Narrower Patent Means CRISPR Victory for Broad Institute

By: Smitha Gundavajhala

On February 28, 2022, the US Patent and Trademark Office (USPTO) handed down a ruling in one of the most bitterly fought patent turf wars in biotechnology: the battle over the use of CRISPR-Cas9 in humans. The two major groups that were vying for recognition were the Broad Institute, consisting of researchers from Harvard, and MIT and CVC, consisting of researchers from UC Berkeley, the University of Vienna, and Emmanuelle Charpentier. 

CRISPR-Cas9 is a revolutionary gene editing tool that has implications for healthcare, agriculture, and more.
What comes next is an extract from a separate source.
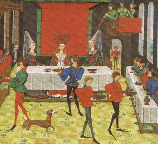 Note that there are no greyhounds in the kennel. Greyhounds were favored above all other breeds and had the run of the castles. This may also explain how the lines of greyhounds were kept pure by the nobility. The second plate is from Tres Riches Heures of Jean, Duke of Berry (1340-1416), now in the Musee Conde. The Duke is the man in blue with the brown hat. The wedding scene in the third plate,from the Histoire de Renaud de Montauban, dates from about 1470 and shows a greyhound, or conceivably a Saluki, since part of the Renaud romance involves a crusade. Other dogs might be kept by hunting staff in their quarters in the castle, but would probably not have had the same freedom as greyhounds. For pictures of collars worn by greyhounds from late medieval times onward, see the website of the Leeds Castle Dog Collar Museum. Greyhounds may have been separated from other dogs not just for their comfort but to keep the lines pure. Phoebus gives a recipe for aborting an unwanted litter. A sort of canine chastity belt was known even in the ancient world (Anderson, p. 46).
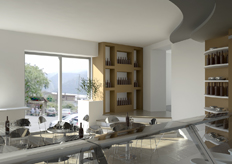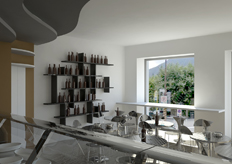 La parete attrezzata alle spalle del bancone costruita in cartongesso presenta una forma irregolare per accentuare la modernità del'intervento, e allo stesso tempo funge da espositore.

CRISPRs are DNA sequences with proteins that act like scissors. Originally derived from bacterial genomes, CRISPR technology has since been extended to apply to eukaryotes, which are multicellular organisms. Examples of eukaryotes include plants, animals, and humans. As one might imagine, the latest evolution in CRISPR technology is immensely lucrative. The technology could be used to prevent viral infections and chronic conditions in humans, as well as to genetically modify produce to carry more nutrients.  Both Broad Institute and CVC stood to lose a great deal in their hard-fought dispute about the CRISPR-Cas 9 patent.

The dispute between these parties was complicated by timelines, the change in US patent law, and the contradictory decisions of different jurisdictions across the world. Jennifer Doudna of UC Berkeley was the first to file a patent application in 2012, a few months before Feng Zhang and the Broad Institute filed their patent application. However, prior to 2013, the USPTO’s rules were different: the agency awarded patents to the entity that was the “first to invent,” rather than the entity that was “first to file.” 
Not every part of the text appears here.